## Aim of the exercise
Restate, exactly as written, the entries below from the line that holds "Hlasovalo sa aj" through the line that holds "原始碼部分 <body> <div". Pictures are not part of the copy.

## Exercise material
BEGIN
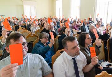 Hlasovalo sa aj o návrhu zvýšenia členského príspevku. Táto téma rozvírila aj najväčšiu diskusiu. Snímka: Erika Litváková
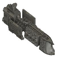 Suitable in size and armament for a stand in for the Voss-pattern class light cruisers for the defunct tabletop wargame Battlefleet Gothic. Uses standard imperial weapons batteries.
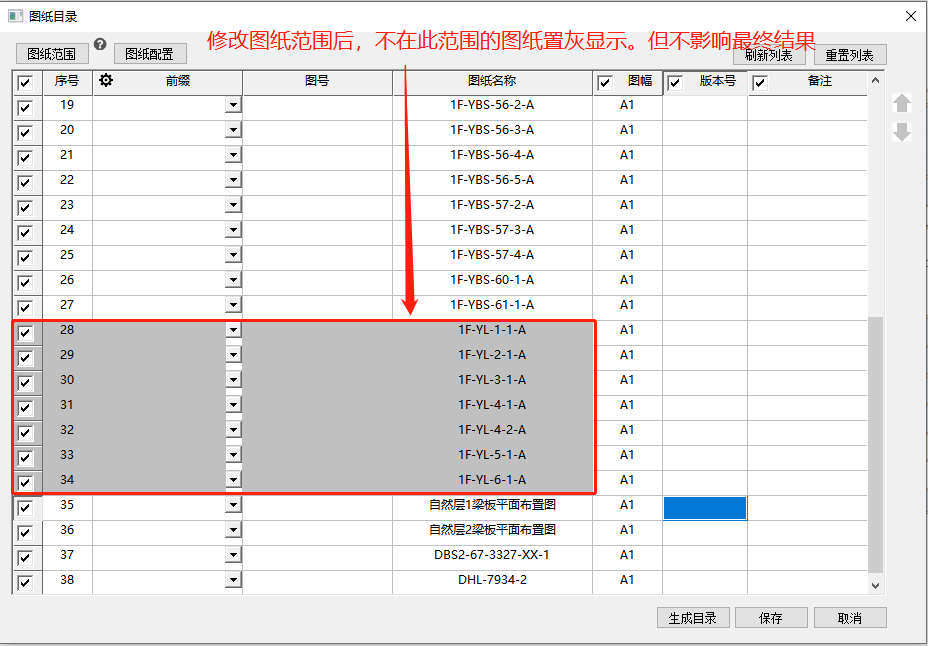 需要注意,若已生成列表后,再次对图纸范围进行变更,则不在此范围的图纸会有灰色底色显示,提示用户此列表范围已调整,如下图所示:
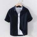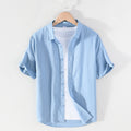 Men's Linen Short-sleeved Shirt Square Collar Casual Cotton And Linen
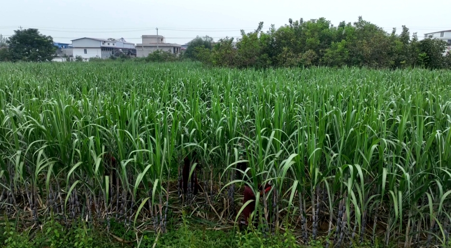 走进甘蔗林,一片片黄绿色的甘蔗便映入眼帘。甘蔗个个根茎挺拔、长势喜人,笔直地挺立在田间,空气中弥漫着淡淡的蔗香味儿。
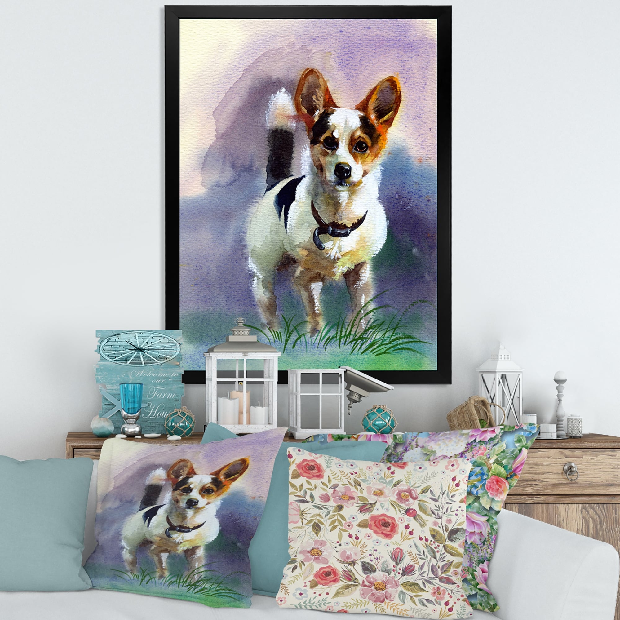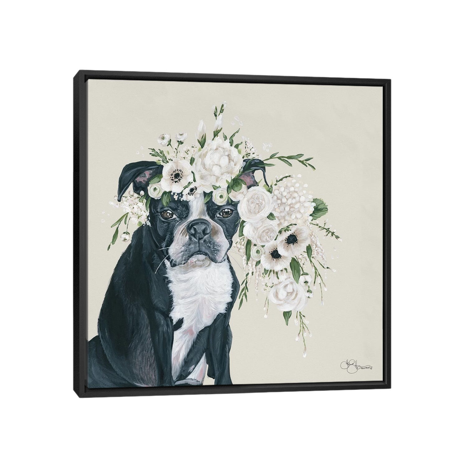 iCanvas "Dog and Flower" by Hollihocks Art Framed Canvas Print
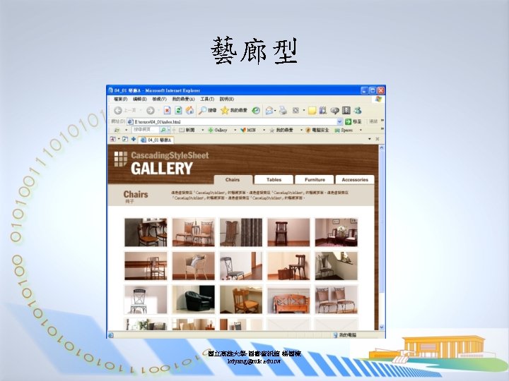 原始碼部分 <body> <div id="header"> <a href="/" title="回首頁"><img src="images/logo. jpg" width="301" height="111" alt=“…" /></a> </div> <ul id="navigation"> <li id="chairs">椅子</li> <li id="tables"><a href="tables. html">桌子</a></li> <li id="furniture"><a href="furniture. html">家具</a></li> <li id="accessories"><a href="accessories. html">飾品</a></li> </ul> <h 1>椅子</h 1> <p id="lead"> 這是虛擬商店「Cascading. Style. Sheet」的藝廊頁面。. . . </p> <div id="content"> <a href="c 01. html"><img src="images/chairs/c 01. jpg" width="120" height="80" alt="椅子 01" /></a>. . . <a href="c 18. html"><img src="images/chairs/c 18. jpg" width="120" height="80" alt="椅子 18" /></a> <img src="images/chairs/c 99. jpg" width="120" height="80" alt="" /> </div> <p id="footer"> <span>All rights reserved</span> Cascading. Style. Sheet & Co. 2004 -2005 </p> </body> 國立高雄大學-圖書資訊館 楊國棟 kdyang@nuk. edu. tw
END
BEGIN
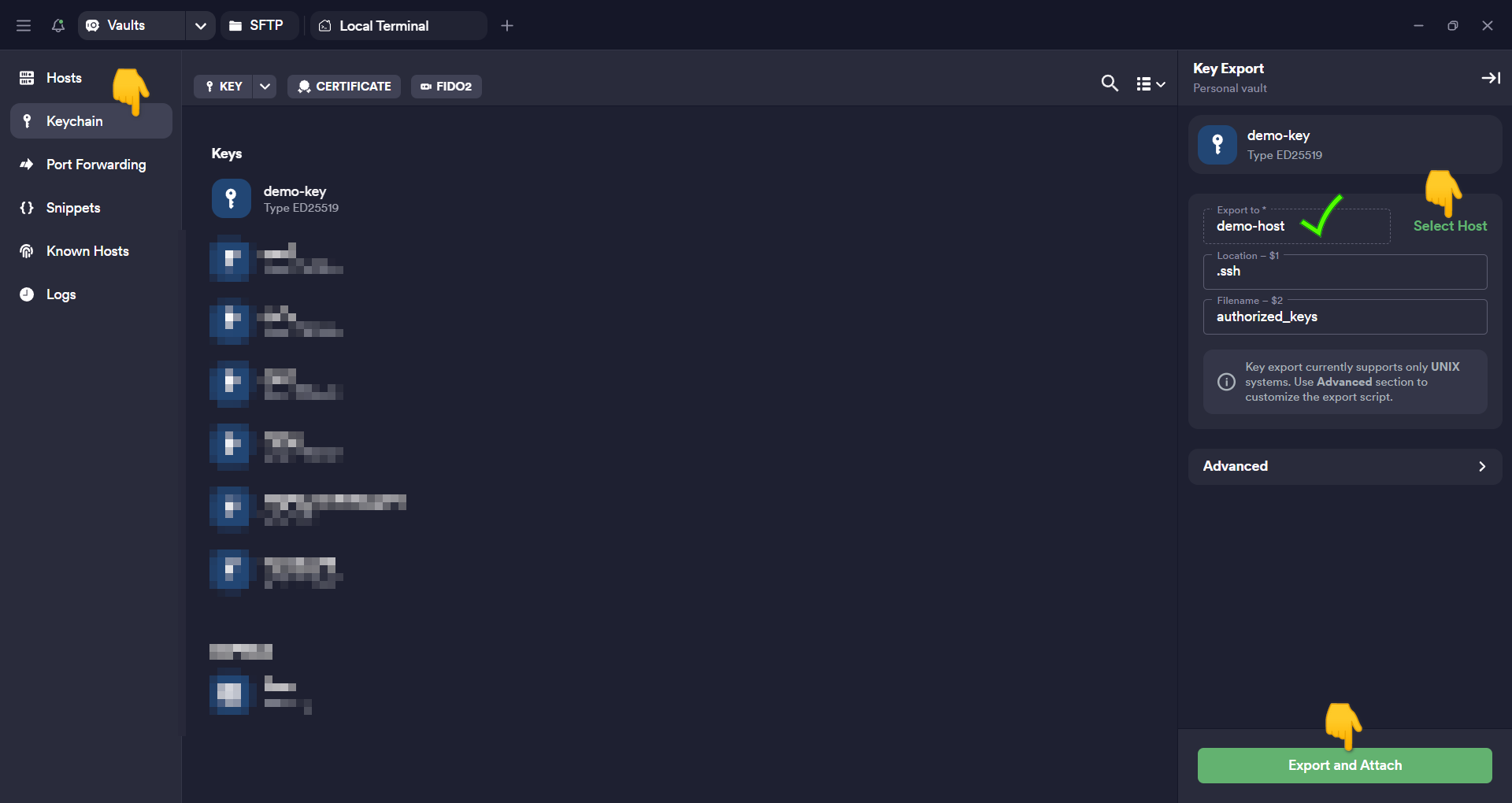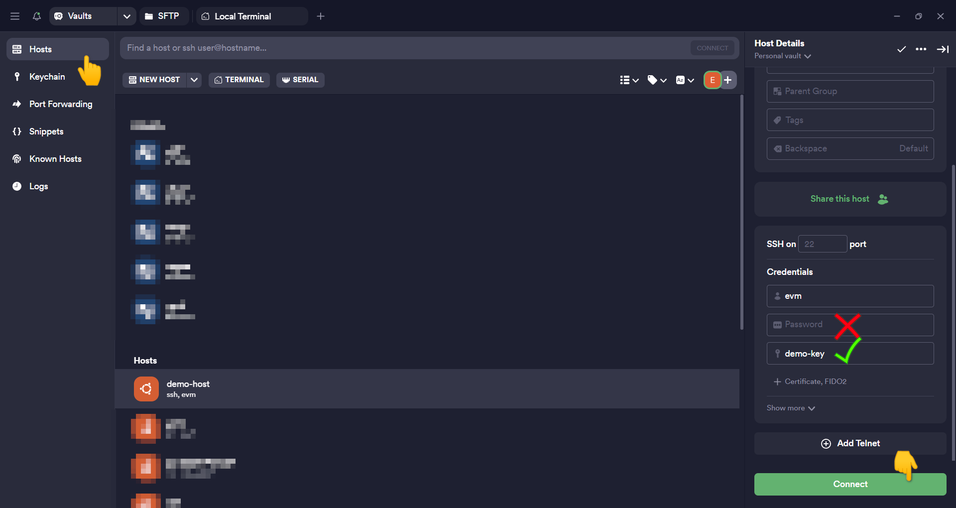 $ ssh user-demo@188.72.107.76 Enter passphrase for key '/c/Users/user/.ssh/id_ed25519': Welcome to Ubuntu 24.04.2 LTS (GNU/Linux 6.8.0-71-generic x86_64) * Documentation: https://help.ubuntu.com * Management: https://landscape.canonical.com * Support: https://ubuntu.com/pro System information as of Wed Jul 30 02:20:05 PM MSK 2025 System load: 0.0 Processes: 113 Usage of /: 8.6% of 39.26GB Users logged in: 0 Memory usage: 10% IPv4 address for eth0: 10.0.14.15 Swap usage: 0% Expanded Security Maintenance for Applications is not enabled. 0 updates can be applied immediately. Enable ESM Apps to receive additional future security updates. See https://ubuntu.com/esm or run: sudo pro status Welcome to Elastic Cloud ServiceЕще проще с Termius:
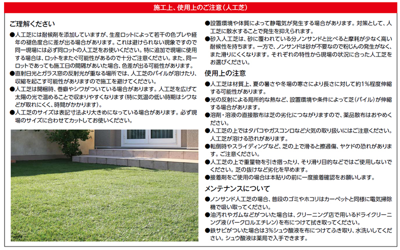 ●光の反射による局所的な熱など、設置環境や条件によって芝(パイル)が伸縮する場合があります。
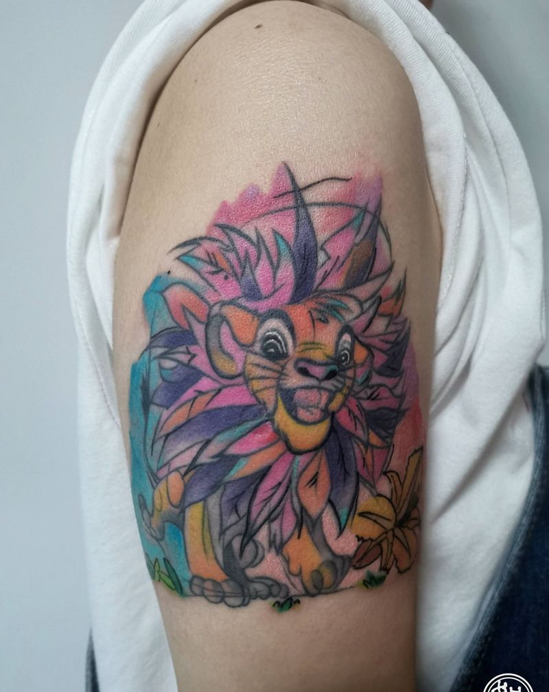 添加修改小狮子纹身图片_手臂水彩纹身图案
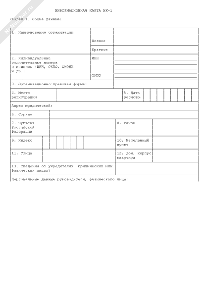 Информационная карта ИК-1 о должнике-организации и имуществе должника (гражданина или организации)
END
## Answer to this exercise
 Hlasovalo sa aj o návrhu zvýšenia členského príspevku. Táto téma rozvírila aj najväčšiu diskusiu. Snímka: Erika Litváková
 Suitable in size and armament for a stand in for the Voss-pattern class light cruisers for the defunct tabletop wargame Battlefleet Gothic. Uses standard imperial weapons batteries.
 需要注意,若已生成列表后,再次对图纸范围进行变更,则不在此范围的图纸会有灰色底色显示,提示用户此列表范围已调整,如下图所示:
 Men's Linen Short-sleeved Shirt Square Collar Casual Cotton And Linen
 走进甘蔗林,一片片黄绿色的甘蔗便映入眼帘。甘蔗个个根茎挺拔、长势喜人,笔直地挺立在田间,空气中弥漫着淡淡的蔗香味儿。
 iCanvas "Dog and Flower" by Hollihocks Art Framed Canvas Print
 原始碼部分 <body> <div id="header"> <a href="/" title="回首頁"><img src="images/logo. jpg" width="301" height="111" alt=“…" /></a> </div> <ul id="navigation"> <li id="chairs">椅子</li> <li id="tables"><a href="tables. html">桌子</a></li> <li id="furniture"><a href="furniture. html">家具</a></li> <li id="accessories"><a href="accessories. html">飾品</a></li> </ul> <h 1>椅子</h 1> <p id="lead"> 這是虛擬商店「Cascading. Style. Sheet」的藝廊頁面。. . . </p> <div id="content"> <a href="c 01. html"><img src="images/chairs/c 01. jpg" width="120" height="80" alt="椅子 01" /></a>. . . <a href="c 18. html"><img src="images/chairs/c 18. jpg" width="120" height="80" alt="椅子 18" /></a> <img src="images/chairs/c 99. jpg" width="120" height="80" alt="" /> </div> <p id="footer"> <span>All rights reserved</span> Cascading. Style. Sheet & Co. 2004 -2005 </p> </body> 國立高雄大學-圖書資訊館 楊國棟 kdyang@nuk. edu. tw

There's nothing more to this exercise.